Я убежденный европеец, и мне также хотелось бы федеративную Европу. Сказав это, чтобы действовать на основе большей интеграции, нам необходимо сходство между странами, которые вступают в этот путь. Одна из проблем ЕС заключается в том, что со временем по коммерческим причинам он, возможно, расширился слишком сильно или слишком быстро, превратившись в большой клуб стран, имеющих мало общего. Поэтому в этом клубе трудно принимать решения, которые являются как существенными, так и общими.

Британия, вероятно, решила сначала вступить в клуб, чтобы замедлить процесс интеграции изнутри.

На уровне исключительно «Военный» выход Великобритании представляет для ЕС потерю страны, обладающей самой мощной и дееспособной военной структурой.

Более того, с точки зрения политики безопасности в общих чертах, это может быть скорее формальным ущербом, чем существенным для ЕС и для доверия к его военным обязательствам (напомним, что в любом случае для операций "статья 5" мы всегда будет адресовано в НАТО).

На самом деле я считаю, что важность «единственного» военного инструмента для достижения геостратегических целей и целей международной безопасности часто переоценивают.

Завтра, без британского «ручного тормоза», ЕС, возможно, мог бы попытаться быть более амбициозным и приобрести способность к политическому и военному вмешательству, которой до сих пор не было.

Потенциал, которого не хватало не из-за нехватки военных средств, а из-за отсутствия единой политической воли к вмешательству и выработке единого видения на геостратегическом уровне.
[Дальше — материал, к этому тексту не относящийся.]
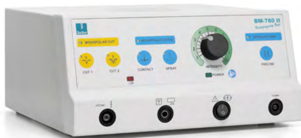
BM-780 II Générateur de radiofréquence Équipement de base
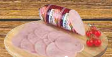
ŠUNKA U CREVU DOBRO RFS
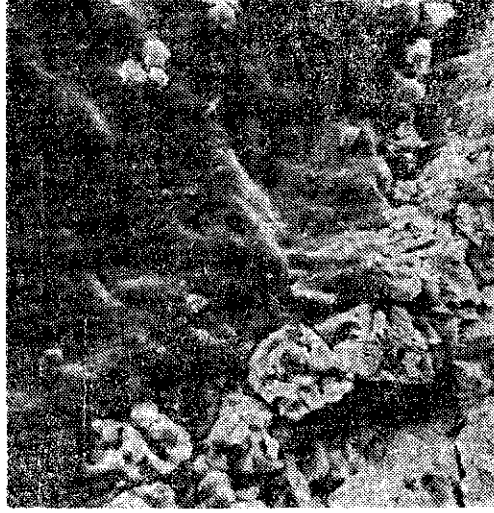
Resim 5. Dentin kanallarının doğal boyutlarını koruduğu ve dentinde asit sızması olmadığı daha büyük büyütme ile de gözlenmektedir (2000 Büyütme).
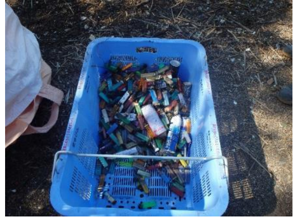
ごみ撤去作業（名四国道下付近）
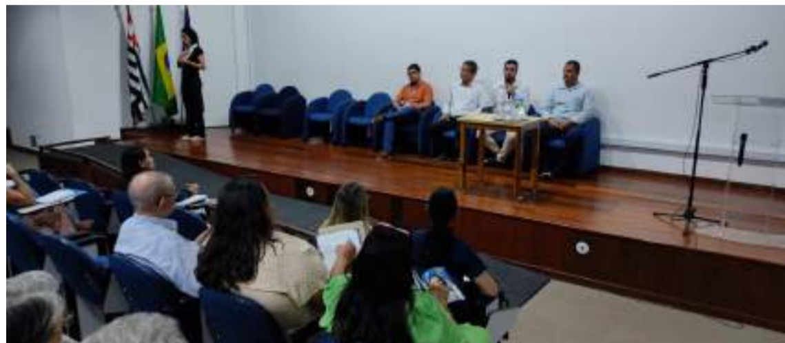
Em 2023 o FUMCAD recebeu cerca de R$ 1,5 milhão com um aumento de 100% na arrecadação

O Fundo financia diversos programas sociais de promoção e proteção dos direitos da criança e do adolescente e este apoio, além de garantir o futuro de milhares de crianças e adolescentes
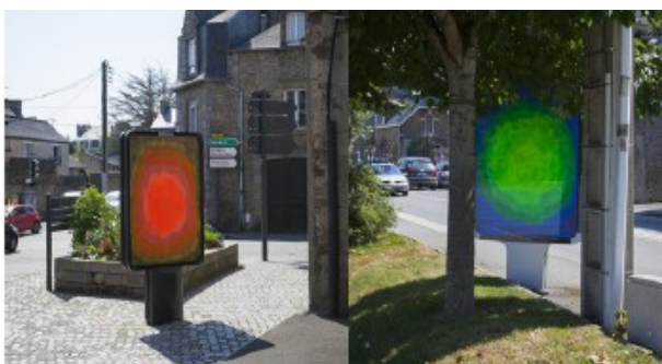
Peintures dans les affiches publicitaires JC Decaux
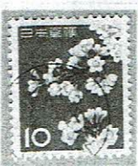
欧文機械 TOKYO 1966/23.IX
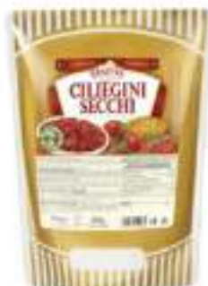
POMODORI CILIEGINI SECCHI B 700

Очевидно, что в секторе обороны и безопасности ЕС (без Соединенного Королевства) будет более сильно обусловлен франко-германским биномом (и, на мой взгляд, Франция будет движущей силой в области обороны и безопасности). ). Более того, в этом контексте Италия (как третья экономическая и военная держава этого «нового ЕС») может легко сыграть более значительную роль, чем нынешняя, и заполнить некоторые из пустых мест, оставленных англичанами.

Вот почему я склонен считать, что в долгосрочной перспективе BREXIT для политики в области обороны и безопасности также может оказаться возможностью для ЕС (и для Италии), если у нас хватит сил и смелости поставить себя на место к тесту.